Interleukin-1 promotes autoimmune neuroinflammation by suppressing endothelial heme oxygenase-1 at the blood-brain barrier

Abstract

The proinflammatory cytokine interleukin 1 (IL-1) is crucially involved in the pathogenesis of multiple sclerosis (MS) and its animal model experimental autoimmune encephalomyelitis (EAE). Herein, we studied the role of IL-1 signaling in blood-brain barrier (BBB) endothelial cells (ECs), astrocytes and microglia for EAE development, using mice with the conditional deletion of its signaling receptor IL-1R1. We found that IL-1 signaling in microglia and astrocytes is redundant for the development of EAE, whereas the IL-1R1 deletion in BBB-ECs markedly ameliorated disease severity.
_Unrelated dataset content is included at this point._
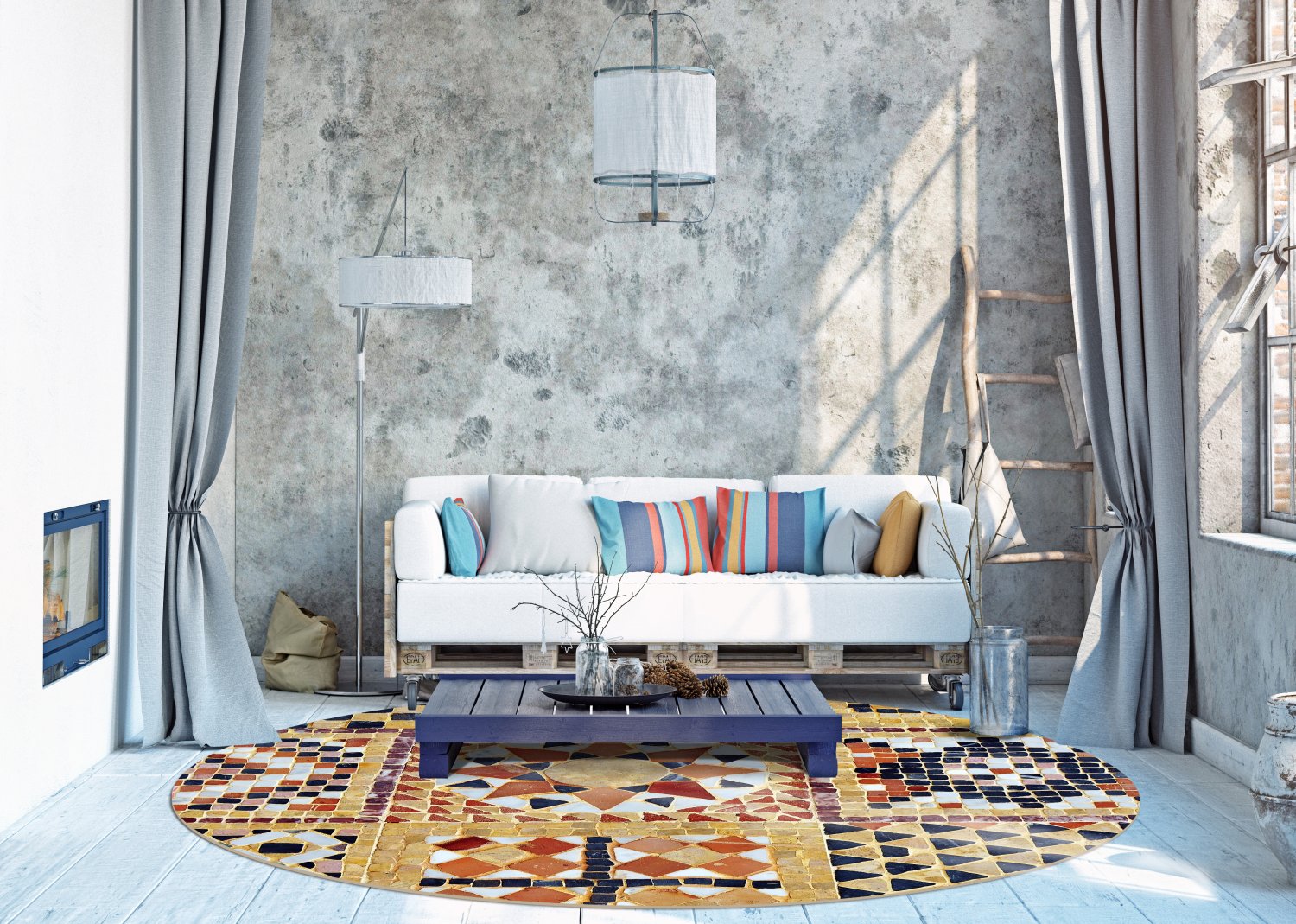 Rundt tæppe - Bosa (multi)

IL-1 signaling in BBB-ECs upregulated the expression of the adhesion molecules Vcam-1, Icam-1 and the chemokine receptor Darc, all of which have been previously shown to promote CNS-specific inflammation. In contrast, IL-1R1 signaling suppressed the expression of the stress-responsive heme catabolizing enzyme heme oxygenase-1 (HO-1) in BBB-ECs, promoting disease progression via a mechanism associated with deregulated expression of the IL-1-responsive genes Vcam1, Icam1 and Ackr1 (Darc). Mechanistically, our data emphasize a functional crosstalk of BBB-EC IL-1 signaling and HO-1, controlling the transcription of downstream proinflammatory genes promoting the pathogenesis of autoimmune neuroinflammation.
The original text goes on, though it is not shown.